After Mom's funeral service and lunch at church, we went to Terri's home to look over what was left of Mom's belongings.   Her good china, a collection of "limited edition" plates, various other dishes, her dolls, some Hummel figurines, many photos and scrapbooks, and journals were scattered on a table and the floor.  Terri was eager to clear things out. 

I'm at a stage in my life where I am trying to purge our own belongings.  I took a few photos of our own family and of Jim as a child and a few plates along with their "certification"  that I could pass on to our children as Mom had requested.

Jeff photographed the display and sent it to Susan who thought she would like the blue Delft cups and candles.  Both Dan and Jeff took a few of the old photos.  Dan was intrigued with some of Mom after she had infantile paralysis as a child--relating it to the work Google had done in polio eradication. 

There was a scrapbook made by Mom's mother in the 1930s full of inspirational sayings and clippings cut out of various papers.  Would anyone would find that valuable as a historical record? 

Terri wondered if it was an invasion of privacy to read Mom's journals.
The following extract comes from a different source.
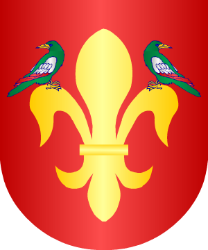 22.- Otros: Una flor de lis y ambos lados sumados de dos pájaros, afrontados y con las cabezas contornadas.

Mom had said to burn her letters from Dad.  Maybe I will offer to go over the journals and record parts that would be of value to her children.   As it is, we have over 30 of Dad's journals downstairs that could be donated to the center at Calvin for church history.   We've looked them over briefly and found them very factual without much emotion expressed at all. 

I look at our belongings.  Every painting or photograph on our walls has meaning to me.  Nothing is merely decorative.  Almost every one is a piece of original art or a photograph of a place I loved.  But would our children find value in any of it?  I brought Dan around to see each piece--and then burned his French toast while doing so! 

Who is going to want my wedding dress let alone other sentimentally favorite garments hanging in the upstairs closets?  Who will want our books and records and travel memorabilia?  Our dozens of photo albums?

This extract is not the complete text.